- [Activity] Please reproduce the data exactly, though every picture must stay out.

- [Data block]
__________
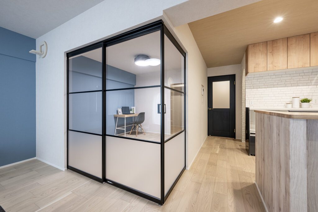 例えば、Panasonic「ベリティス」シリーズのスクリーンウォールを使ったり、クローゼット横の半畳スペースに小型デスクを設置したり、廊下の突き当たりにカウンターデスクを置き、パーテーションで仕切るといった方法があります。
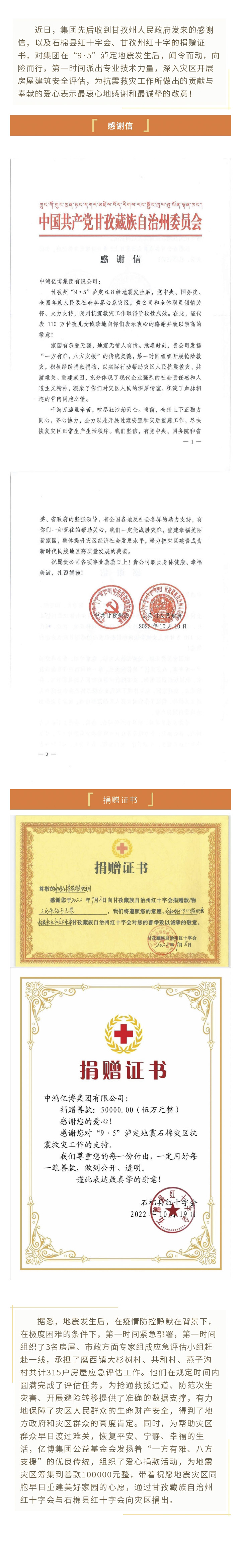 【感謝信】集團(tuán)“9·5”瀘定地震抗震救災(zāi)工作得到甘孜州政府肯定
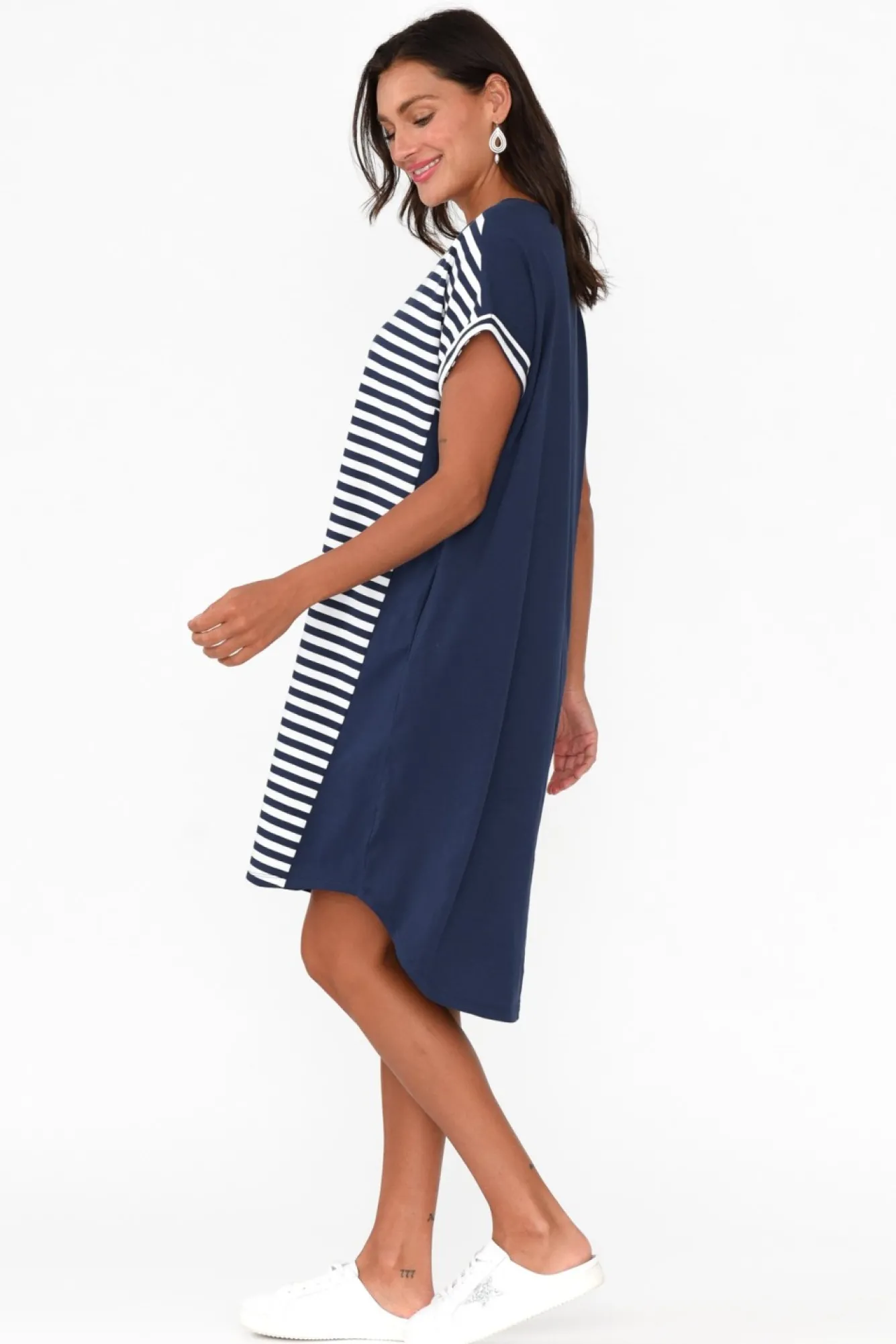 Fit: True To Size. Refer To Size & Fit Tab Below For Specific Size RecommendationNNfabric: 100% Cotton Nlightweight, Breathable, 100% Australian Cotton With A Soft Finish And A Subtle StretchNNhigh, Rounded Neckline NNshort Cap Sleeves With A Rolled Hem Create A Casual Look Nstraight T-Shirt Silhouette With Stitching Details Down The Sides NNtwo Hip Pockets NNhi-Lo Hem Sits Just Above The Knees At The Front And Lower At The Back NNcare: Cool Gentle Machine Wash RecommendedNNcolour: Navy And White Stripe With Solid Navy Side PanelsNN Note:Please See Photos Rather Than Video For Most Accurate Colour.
__________
- [Solution for this exercise]
 例えば、Panasonic「ベリティス」シリーズのスクリーンウォールを使ったり、クローゼット横の半畳スペースに小型デスクを設置したり、廊下の突き当たりにカウンターデスクを置き、パーテーションで仕切るといった方法があります。
 【感謝信】集團(tuán)“9·5”瀘定地震抗震救災(zāi)工作得到甘孜州政府肯定
 Fit: True To Size. Refer To Size & Fit Tab Below For Specific Size RecommendationNNfabric: 100% Cotton Nlightweight, Breathable, 100% Australian Cotton With A Soft Finish And A Subtle StretchNNhigh, Rounded Neckline NNshort Cap Sleeves With A Rolled Hem Create A Casual Look Nstraight T-Shirt Silhouette With Stitching Details Down The Sides NNtwo Hip Pockets NNhi-Lo Hem Sits Just Above The Knees At The Front And Lower At The Back NNcare: Cool Gentle Machine Wash RecommendedNNcolour: Navy And White Stripe With Solid Navy Side PanelsNN Note:Please See Photos Rather Than Video For Most Accurate Colour.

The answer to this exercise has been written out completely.